Print exactly the lines below between the line holding "The Black Stand Collar Sheer Slit Mini Dress" and the line holding "単衣:パステルカラーの市松デザインのおしゃれ小紋を帯でアレンジ", inclusive, and nothing more.

▶ [Material to process]
╔══
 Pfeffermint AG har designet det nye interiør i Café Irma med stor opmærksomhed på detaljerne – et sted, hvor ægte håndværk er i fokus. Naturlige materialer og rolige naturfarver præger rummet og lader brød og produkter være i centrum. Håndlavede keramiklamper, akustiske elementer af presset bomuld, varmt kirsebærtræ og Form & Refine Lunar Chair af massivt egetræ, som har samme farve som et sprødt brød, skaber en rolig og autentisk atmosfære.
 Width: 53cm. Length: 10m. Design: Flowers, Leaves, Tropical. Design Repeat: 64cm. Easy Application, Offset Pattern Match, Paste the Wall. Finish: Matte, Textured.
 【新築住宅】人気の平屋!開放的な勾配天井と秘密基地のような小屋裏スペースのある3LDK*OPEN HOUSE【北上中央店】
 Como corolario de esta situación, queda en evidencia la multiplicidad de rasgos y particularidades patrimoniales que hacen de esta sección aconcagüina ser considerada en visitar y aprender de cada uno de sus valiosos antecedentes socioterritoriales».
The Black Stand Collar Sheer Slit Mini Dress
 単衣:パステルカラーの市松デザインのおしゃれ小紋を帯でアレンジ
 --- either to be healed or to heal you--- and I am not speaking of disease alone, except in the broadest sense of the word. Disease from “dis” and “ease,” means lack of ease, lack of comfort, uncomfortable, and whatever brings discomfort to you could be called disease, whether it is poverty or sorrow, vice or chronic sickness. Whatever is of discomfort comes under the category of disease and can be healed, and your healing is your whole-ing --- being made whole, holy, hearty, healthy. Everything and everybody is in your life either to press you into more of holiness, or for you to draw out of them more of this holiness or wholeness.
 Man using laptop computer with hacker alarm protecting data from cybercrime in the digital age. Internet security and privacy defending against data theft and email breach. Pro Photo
╚══
╔══
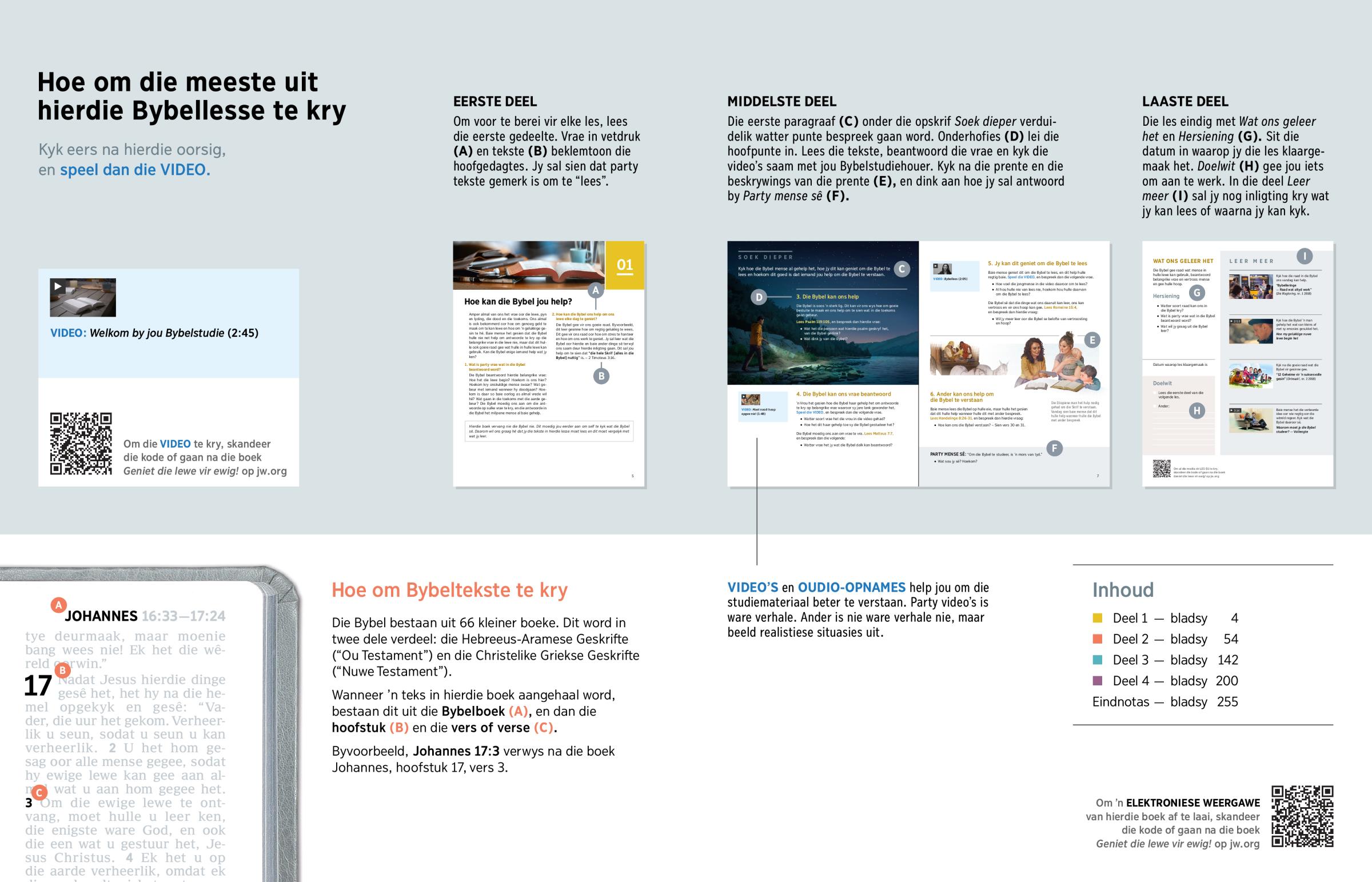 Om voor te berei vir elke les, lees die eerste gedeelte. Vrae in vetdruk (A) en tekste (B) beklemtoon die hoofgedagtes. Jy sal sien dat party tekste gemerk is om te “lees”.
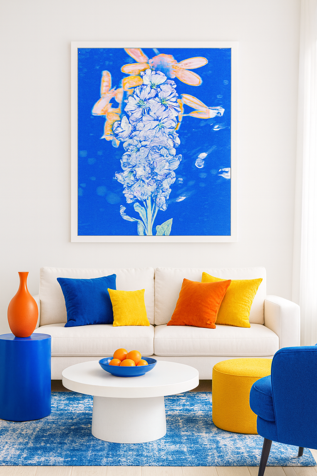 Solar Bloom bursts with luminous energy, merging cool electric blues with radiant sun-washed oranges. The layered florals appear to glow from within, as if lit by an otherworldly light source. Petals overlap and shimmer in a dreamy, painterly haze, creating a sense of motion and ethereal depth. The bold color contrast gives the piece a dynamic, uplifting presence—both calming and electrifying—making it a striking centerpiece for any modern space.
╚══
▶ [The completed task]
The Black Stand Collar Sheer Slit Mini Dress
 単衣:パステルカラーの市松デザインのおしゃれ小紋を帯でアレンジ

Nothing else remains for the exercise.